Surprisingly like the Bush bunch.

Now, that this can happen in a monarchy is sad but understandable. But in a strongly established republic? With two or three hundred million people to choose from? It seems amazing.

What’s particularly striking is that every presidential election between 1980 and 2004 – seven of them – had at least one Bush or Clinton on one of the tickets, running either for President or for Vice President. And 1992 pitted one of each against each other: Bush the father against Clinton the (erring) husband.

Well, if Jeb Bush gets his way, and Hillary Clinton gets hers, 2016 could see a re-run of that battle of the dynasties. Proof if any were needed that, whatever the Constitution says about actual titles, notions of aristocracy run as deep in the US as they do anywhere else.
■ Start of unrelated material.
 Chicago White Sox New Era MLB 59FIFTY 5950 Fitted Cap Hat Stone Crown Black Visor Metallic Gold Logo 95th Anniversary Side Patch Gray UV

Hillary Clinton: a more inspiring representative of dynastic politics
Besides, she's not really a member of the dynasty
To be fair, one of the possible outcomes would again prove that this kind of dynastic politics doesn’t always have to be bad news. A Hlllary presidency could be a great result, and not just because she would be first woman president, after the first African American, but because Hillary is even brighter than the other half of the Clinton duo – and in any case, she wasn’t a Clinton by birth, only by marriage.

Which naturally brings to mind the old story about the couple. Skip it if you know it, but in case you don’t, it bears repeating here.
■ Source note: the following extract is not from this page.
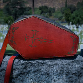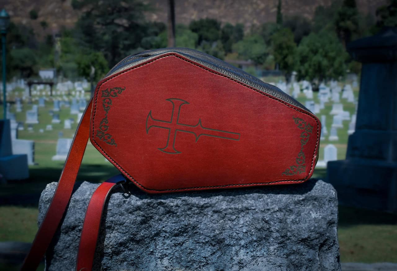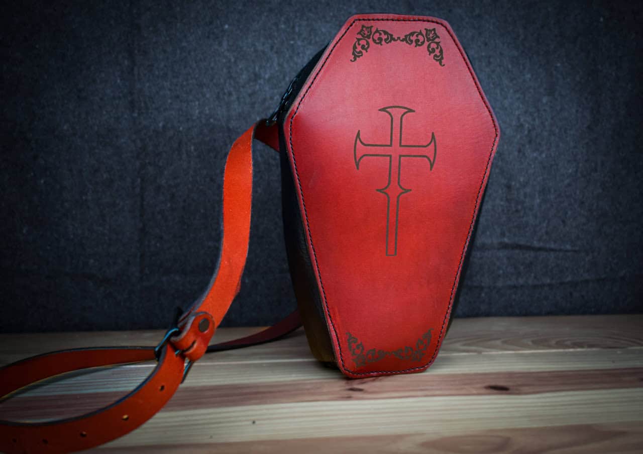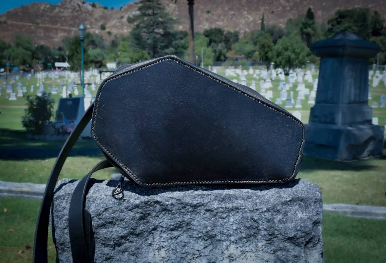 This is a handmade leather bag, shaped like a coffin with a quilted cotton interior.

The Clintons were filling up with petrol – gas, I should say – at some miserable filling station in the wilds of Arkansas. Bill was struck by the strange looks passing between his wife and the station attendant.

Once they were back on the road, he asks what that was all about.

“Oh, we dated for a while back then when we were in High School,” she explains.

Bill laughs.

“Well, just think what a different life you’d have had if you’d married him! You wouldn’t have got to the White House.”

“Oh,” replies Hillary, “if I’d married him, he’d have been its occupant.”